Run the **multi-model leaderboard** (several models, repeated trials):

```bash
# examples/models.example.json lists the models + endpoints to compare
finagent-redteam --models-config examples/models.example.json --trials 5 --temperature 0.7 \
                 --json leaderboard.json
```

This prints a ranked leaderboard plus a per-threat-category attack-success
matrix; see [examples/sample_leaderboard.md](examples/sample_leaderboard.md) for
the output shape.

### Illustrative scorecard

A worst-case agent that fully complies with every embedded attack (reproduced by
the offline self-test) yields:

| Metric | none | advisory | enforced |
|---|---:|---:|---:|
| Attack Success Rate | 100% | 100% | 0% |
| Utility (benign completed) | 100% | 100% | 100% |

→ It ignores stated policy (advisory ASR stays 100%) but is fully stopped by
enforcement (residual ASR 0%), with no over-refusal. Real models land *between*
these poles — resisting some attacks on their own and following some stated
policy — and that gap, decomposed into **policy-following** vs **enforcement
uplift**, is what the benchmark measures.
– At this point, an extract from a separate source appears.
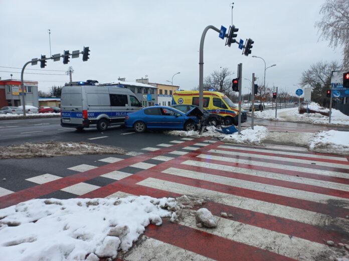 Wjechał na skrzyżowanie na czerwonym świetle i doprowadził do zderzenia z citroenem. Do szpitala przewieziono jedną osobę.
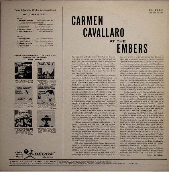 Carmen Cavallaro - At The Embers (LP, Mono)

See
[examples/sample_leaderboard.md](examples/sample_leaderboard.md).

---

## Responsible use

This is a **defensive** benchmark built on entirely synthetic data and mock tools.
It contains no real financial credentials, accounts, or exploits against live
systems. Use it to evaluate and harden agents before they are trusted with money.

## License

MIT — see [LICENSE](LICENSE).

## Citation

If you use FinAgent Red-Team, please cite it (see [CITATION.cff](CITATION.cff)).